The first question boils down to whether the Glasgow Pact is ambitious enough to prevent human suffering, and the answer is complicated. There are many reasons why this annual meeting on climate negotiations received more press attention than in previous years. COP-26 came at a critical time, and provided a final chance to ‘keep 1.5 degrees alive’. It was the first meeting since wealthy nations missed the deadline to provide $100 bn a year in climate finance to low- and middle-income countries, and since the Covid-19 pandemic disrupted the usual processes of climate negotiations.

On the one hand, important agreements were signed; many governments agreed that by 2030 they would end deforestation and would reduce methane emissions by 30%. However, the pledges on cutting greenhouse gas emissions did not go far enough; even if governments keep to all of them, global temperature rise is expected to reach 2.4 degrees by the end of the century, a disastrous increase from 1.5 degrees. And whilst governments renewed their commitments to provide $100bn a year in climate finance, they only agreed to do this by 2023. Governments also agreed to renew their emissions pledges next year, instead of in five years as previously planned. Some officials claim that this means COP-26’s official goal of ‘keeping 1.5 degrees alive’ was met, and that humanity still has a final chance to avoid climate catastrophe.

But if the goal is to prevent human suffering, the Glasgow Pact is not ambitious enough. Even if we do manage to stay within 2.4, or 1.5 degrees warming, climate-related disasters are already becoming more common and more intense, agricultural systems are being disrupted, and people are being forced to migrate. Humanitarian organisations will do everything they can to meet the unprecedented increases in basic needs, but the scale of this crisis requires more than the emergency response model that the sector was built upon.

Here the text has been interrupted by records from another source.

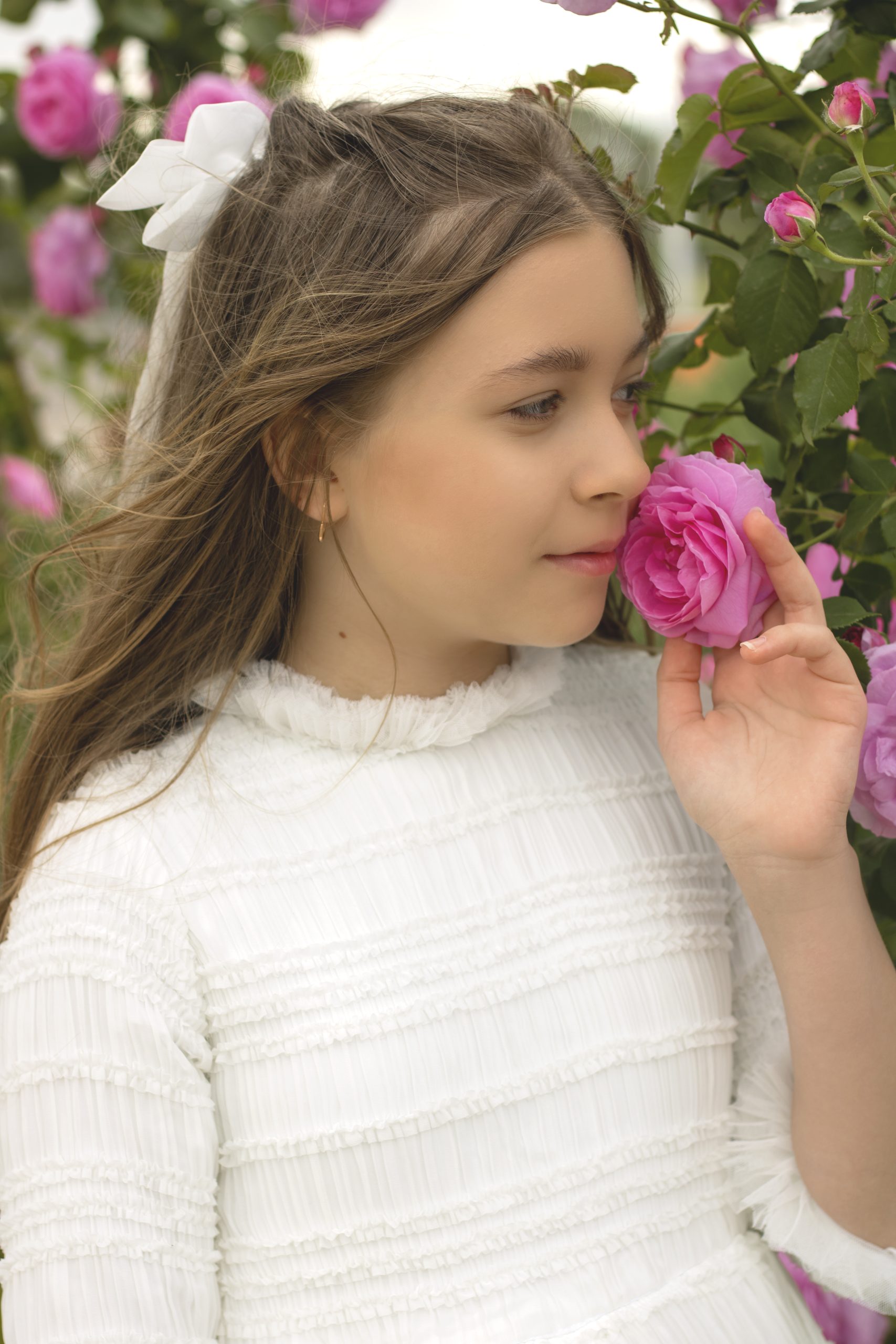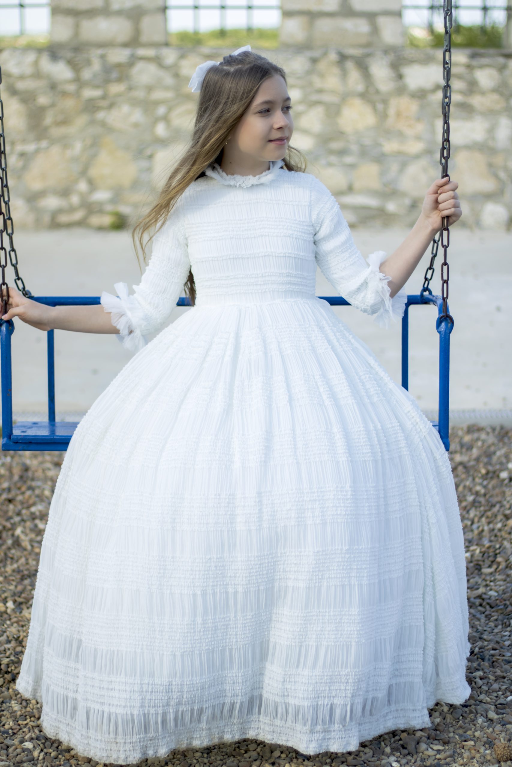 This dress features a beautiful blend of ruffles and pleats. The top of the dress showcases an eye-catching 3-and-1 ruffle pattern, spaced with pleats that create a delicate smocking effect. The lower part of the dress enhances this elegant look with groups of five ruffles, also spaced with pleats, adding texture and visual appeal. Perfect for special occasions, with its flowing fabric and intricate detailing!!
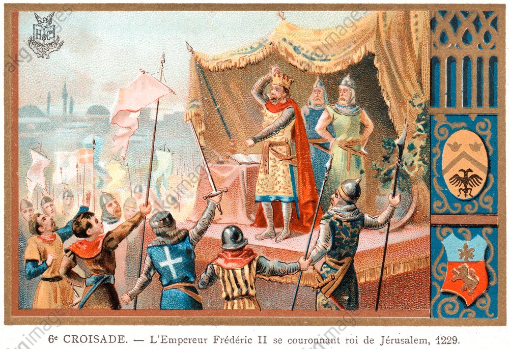 Federico II di Svevia guidò la Sesta Crociata tra il 1228 e il 1229, conquistando Gerusalemme senza combattimenti. La sua impresa si distinse per l’assenza di spargimenti di sangue, risolta attraverso accordi diplomatici con il sultano al-Malik al-Kāmil. Il 17 marzo 1229, Federico ricevette la corona di Re di Gerusalemme, nonostante fosse stato scomunicato da Papa Gregorio IX. Questa crociata portò a un significativo aumento degli scambi culturali tra Oriente e Occidente, ma la pace durò solo fino alla morte del sultano.
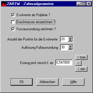 Vor dem Generieren des Zahnprofils kommt ein Eingabefenster mit Einstellmöglichkeiten für Erzeugungs-Profilverschiebungsfaktor bzw. Zahnspiel, Genauigkeit Evolvente und Fußausrundung, Zeichnungsdaten.
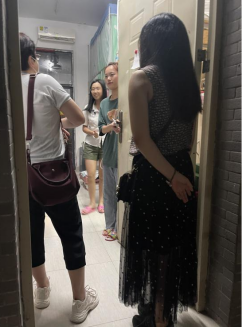 左上:肖美艳老师走访学生宿舍;右上:唐慧敏老师走访学生宿舍;
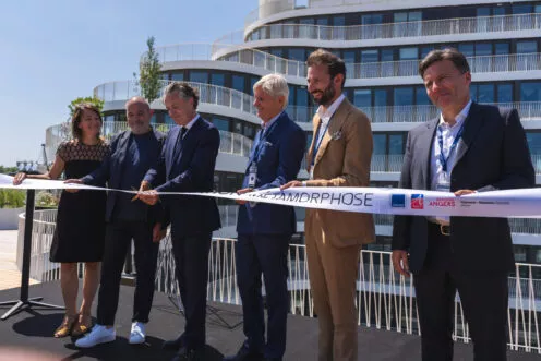 Ce jeudi 19 juin, Michel et François Giboire, Olivier Biancarelli et Christophe Béchu, maire d’Angers, ont inauguré cet ambitieux programme immobilier situé au cœur du quartier Saint-Serge à Angers, en présence de nombreuses personnalités locales et des équipes du projet.
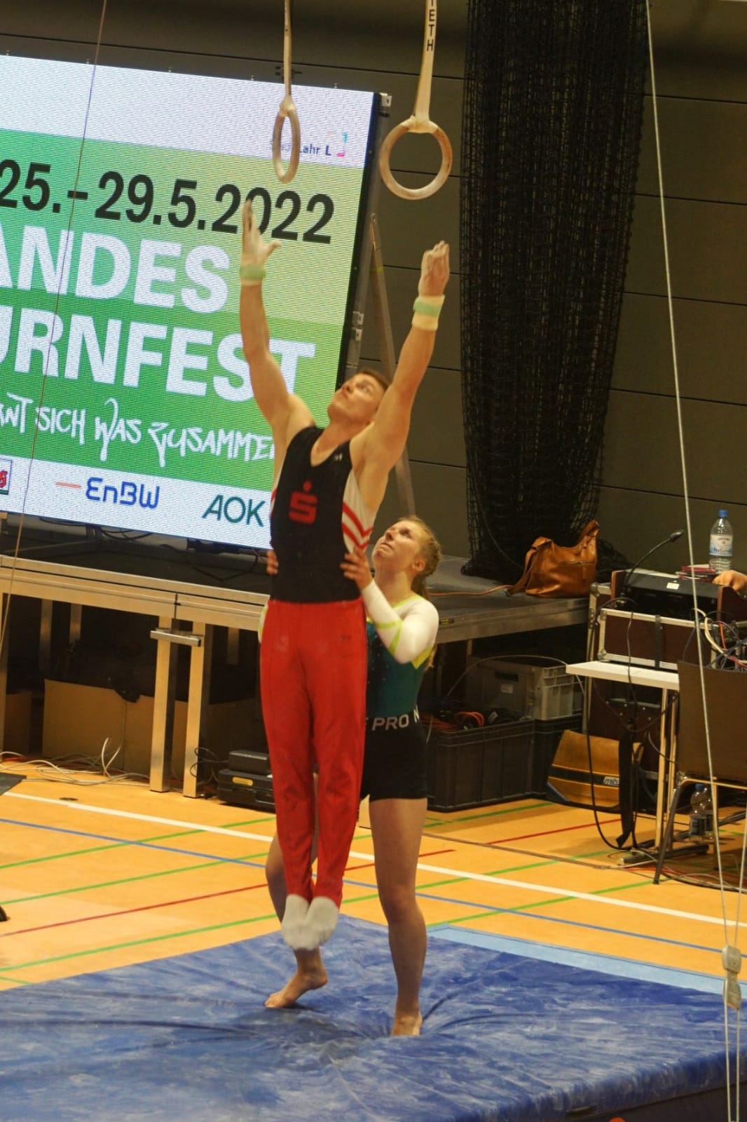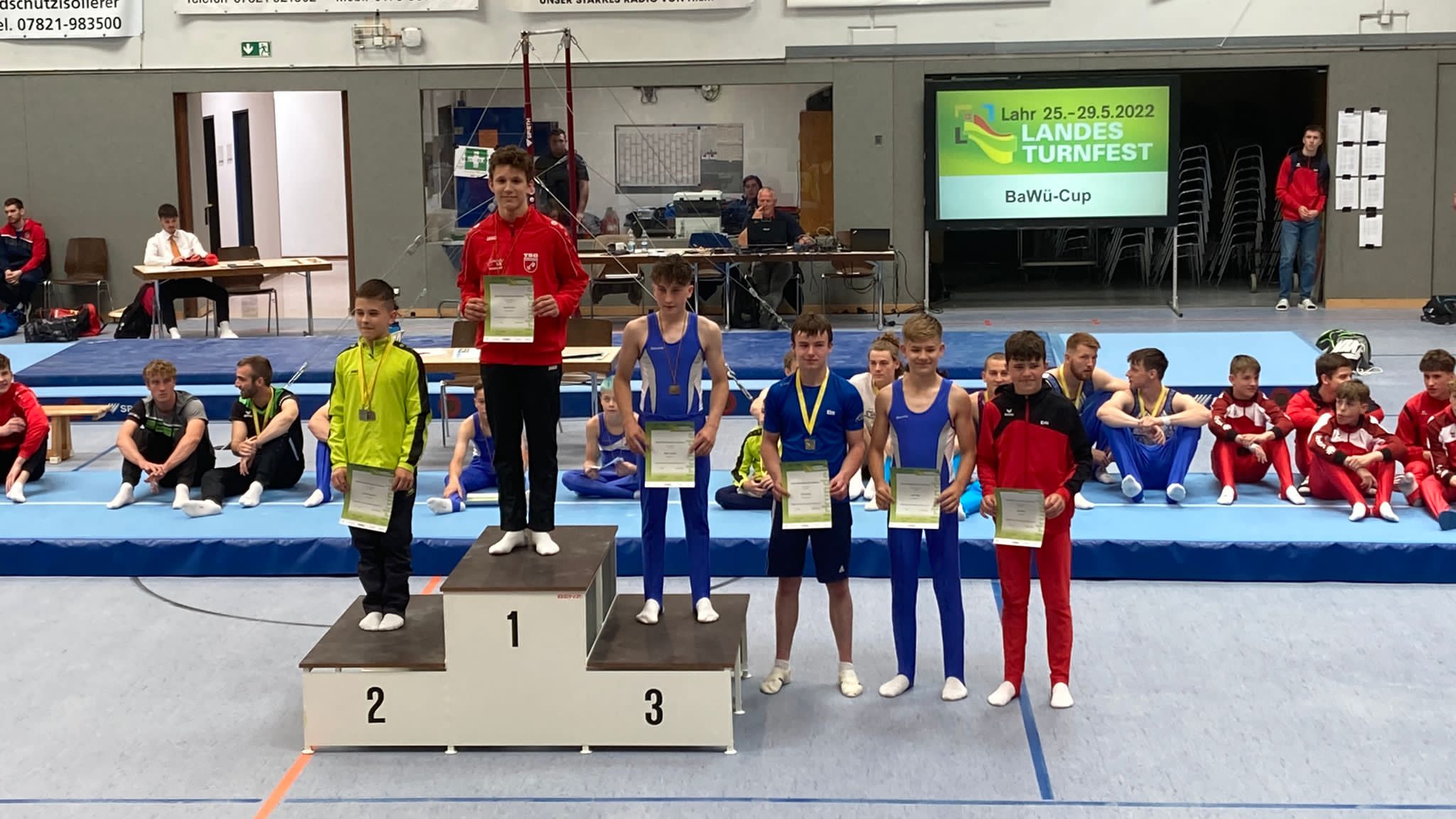 Nach der ersten kurzen Nacht auf der Isomatte im Klassenzimmer der Grundschule Kuhbach hieß es für die jüngeren Turnerinnen und Turner den ersten Bus zu erwischen, um pünktlich am jeweiligen Wettkampfort anzukommen. Marleen Müller-Riederer und Sophie Wunder starteten im Baden-Württemberg-Cup LK2 in der Altersklasse 12/13, Moritz Federolf AK 14/15 und Julian Pfleger in der AK 16/17. Marleen wurde sehr gute 7., Sophie belegte den 9. Platz. Moritz turnte einen nahezu fehlerfreien Wettkampf und verwies die Konkurrenz deutlich auf die Plätze. Der Titel in dieser Alterklasse bedeutet für Moritz, dass er zum Deutschlandpokal nach Waging fahren darf. Julian wurde, durch zwei größere Patzer ausgebremst, noch guter 4. und auch diese Platzierung bedeutet für ihn die Teilnahme am Deutschlandpokal.

As we move on from COP-26, it is clear that governments and humanitarian organisations must both adapt to cope with this crisis. Humanitarian organisations must adapt their programme activities so that they focus more on preparedness, and are therefore able to prevent extreme weather events from turning into humanitarian disasters. But this can only happen when wealthier nations provide much greater investment, for preparedness as well as longer term adaptation and disaster risk reduction.

In the meantime, the humanitarian sector is continuing to adapt, with innovative finance models and preparedness interventions. But the next COP will be just as critical.